Asparagus season begins mid-April. And would you look at that? It’s mid-April! I was lucky to pick up two bunches of asparagus for the price of one at a local natural foods shop this week. Asparagus is one of those food items that you don’t want to add too much to – it’s flavor is so delicate and should really be allowed to shine on it’s own. Here’s a lovely little asparagus recipe I came up with:

Fresh Asparagus w/Sunflower Seeds & Garlic

 

  • 1 bunch of fresh Asparagus
  • 4 clove garlic, sliced
  • about 1/4 cup raw sunflower seeds
  • fresh lemon juice & zest of 1/2 lemon
  • sea salt
  • olive oil

1. Start by boiling a large pot of water. Enough that there is room for your asparagus.

2. Preheat oven to 350 degrees F.

3. Prepare your ingredients. Wash asparagus and cut off the tough, white ends. Cut asparagus diagonally into 1″ – 2″ pieces. Then you can slice your garlic cloves into thin slices, or dice.
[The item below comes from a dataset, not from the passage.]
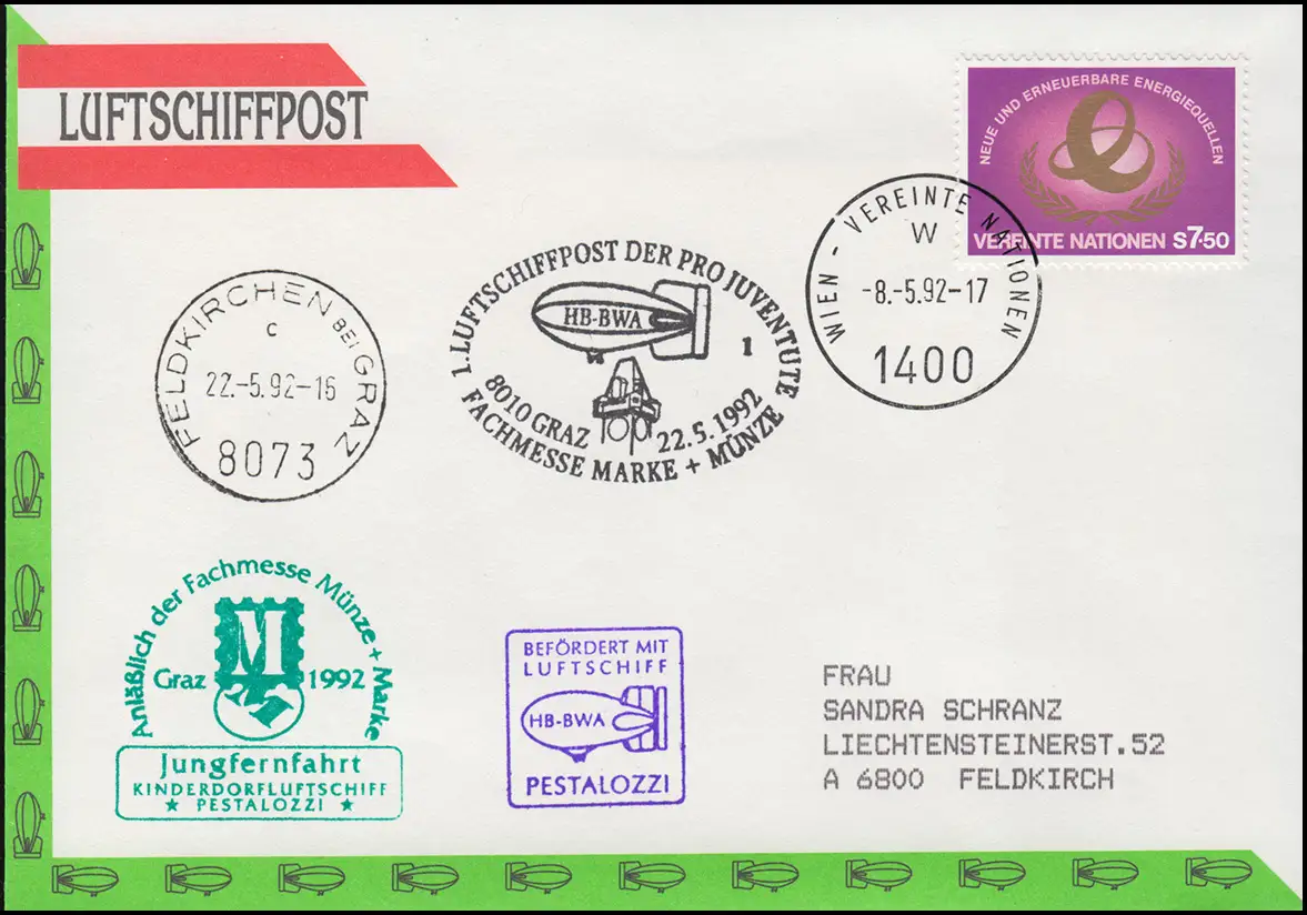 Luftschiffspostbeleg 14. DKL mit Bordstempel HB-BWA PESTALOZZI und grüner Nebenstempel "Jungfernfahrt anläßlich der Fachmesse Münze+Marke Graz 1992".

4. Mix sunflower seeds, garlic and just a dash of olive oil onto small baking sheet (or pie pan) and put in oven to begin roasting. Allow to roast anywhere from 10 – 20 minutes, it all really depends on your oven (mine is a little funny and takes much less time than normal folks’ ovens.) When nicely browned, take out of oven and let cool off just a bit.

5. When water comes to rolling boil, add Asparagus. Only let asparagus cook for 3 to 4 minutes! This is crucial, you do not want your asparagus to come out too mushy! Drain water off asparagus, and put into mixing bowl.
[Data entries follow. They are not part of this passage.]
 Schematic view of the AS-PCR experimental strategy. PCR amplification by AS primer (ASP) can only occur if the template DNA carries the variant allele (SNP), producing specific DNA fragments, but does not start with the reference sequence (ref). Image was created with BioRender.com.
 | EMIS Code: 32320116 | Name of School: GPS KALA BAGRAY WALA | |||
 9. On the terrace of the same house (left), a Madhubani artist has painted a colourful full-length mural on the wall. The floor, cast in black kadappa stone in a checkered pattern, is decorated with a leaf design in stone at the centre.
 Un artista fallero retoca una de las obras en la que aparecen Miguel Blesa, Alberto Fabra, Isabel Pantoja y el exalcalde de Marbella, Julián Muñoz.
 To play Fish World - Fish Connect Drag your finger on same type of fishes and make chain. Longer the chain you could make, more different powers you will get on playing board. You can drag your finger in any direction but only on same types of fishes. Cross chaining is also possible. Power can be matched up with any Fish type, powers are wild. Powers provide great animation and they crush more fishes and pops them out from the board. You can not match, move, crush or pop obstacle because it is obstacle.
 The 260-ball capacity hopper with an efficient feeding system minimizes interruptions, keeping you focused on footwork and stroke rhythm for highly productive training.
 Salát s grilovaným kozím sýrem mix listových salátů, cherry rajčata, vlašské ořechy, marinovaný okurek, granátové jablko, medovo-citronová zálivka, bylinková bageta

6. Add garlic & sunflower seeds to warm asparagus, drizzle with olive oil and add salt (to taste). Squeeze fresh lemon and add zest to bowl. Mix well! Enjoy lots!
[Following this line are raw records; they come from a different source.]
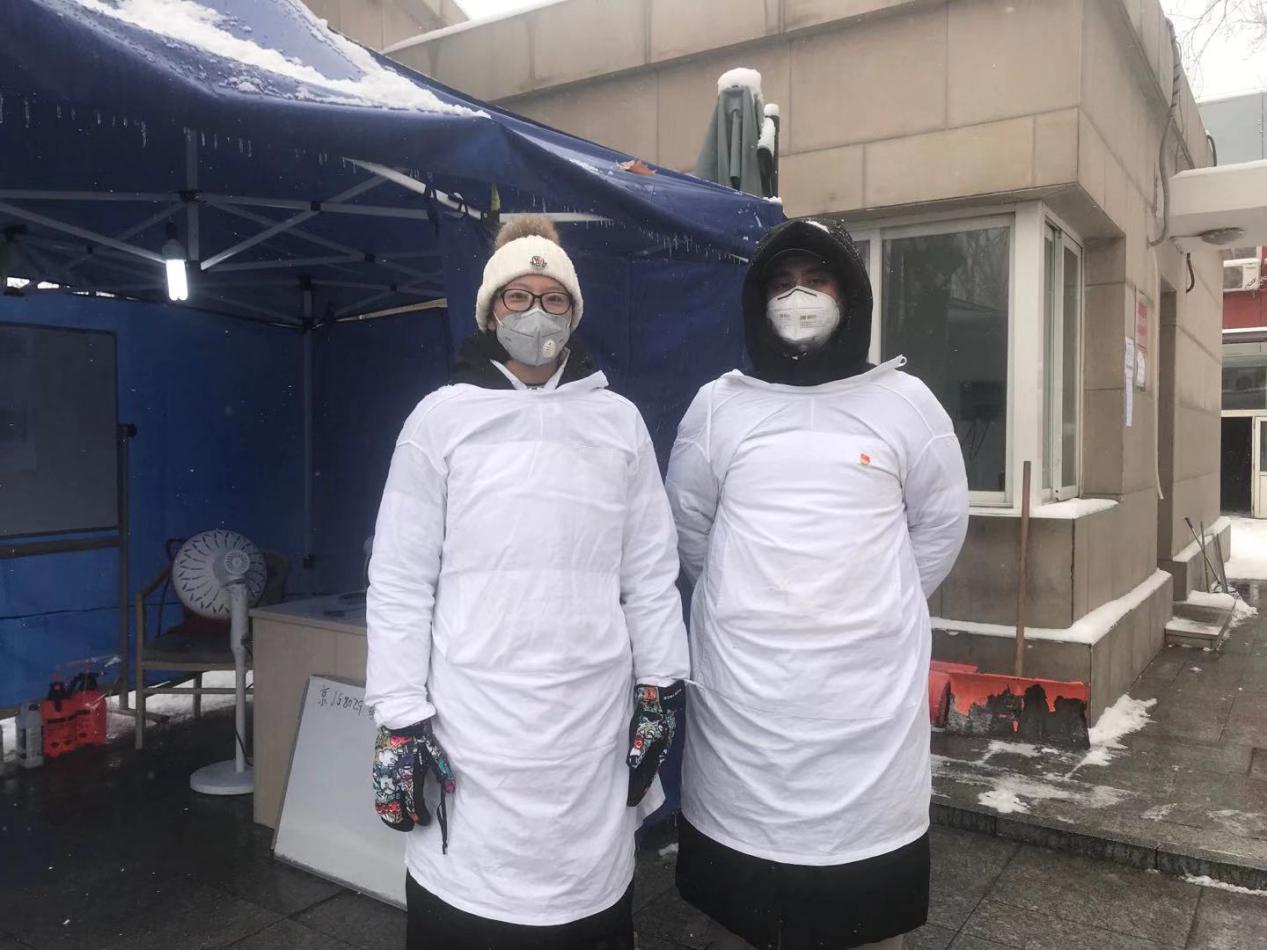 临时党支部副书记温惠深夜与工作人员坚守在家属区门口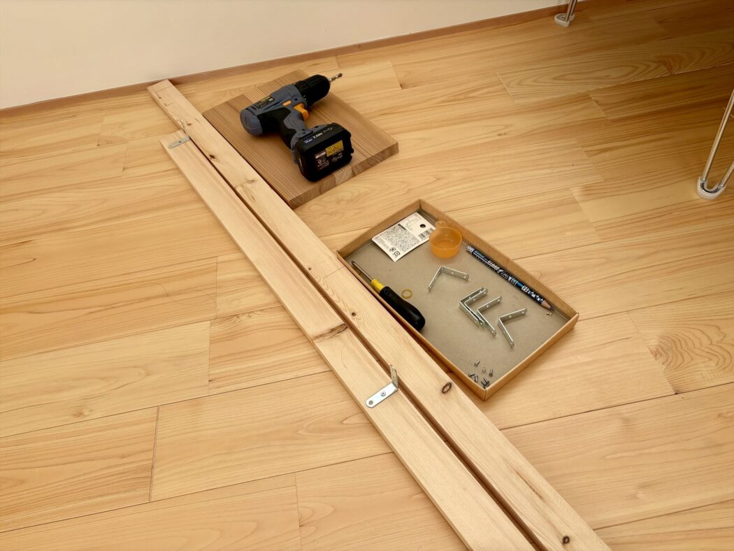 「本棚を造る」と言っても仰々しいものではなくただ「細い木材を壁に固定する」だけ。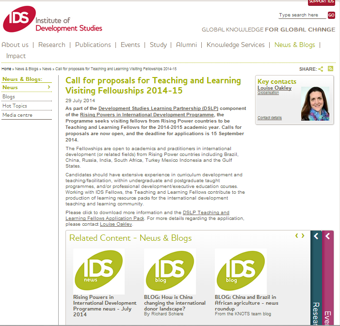 As part of the Development Studies Learning Partnership (DSLP) component of the Rising Powers in International Development Programme, the Programme seeks visiting fellows from Rising Power countries to be Teaching and Learning Fellows for the 2014-2015 academic year. Calls for proposals are now open, and the deadline for applications is 15 September 2014.

I served this with a side of locally made kraut and croissants spread with a herbed & spiced vegan cream cheese. An absolutely perfect spring meal! Too bad the weather outside isn’t reflecting the season!

If you’d like to do a search for what produce is seasonal in your area, try a search like this one over at simplesteps.org where you can find what is in season for your are, and local farmers’ markets. Real Simple offers a seasonal fruit & vegetable tool that allows you to choose your food and then will tell you when it is in season, how to store it, it’s shelf life, and uses. Eat fresh, eat local! You’ll feel better, wallet included!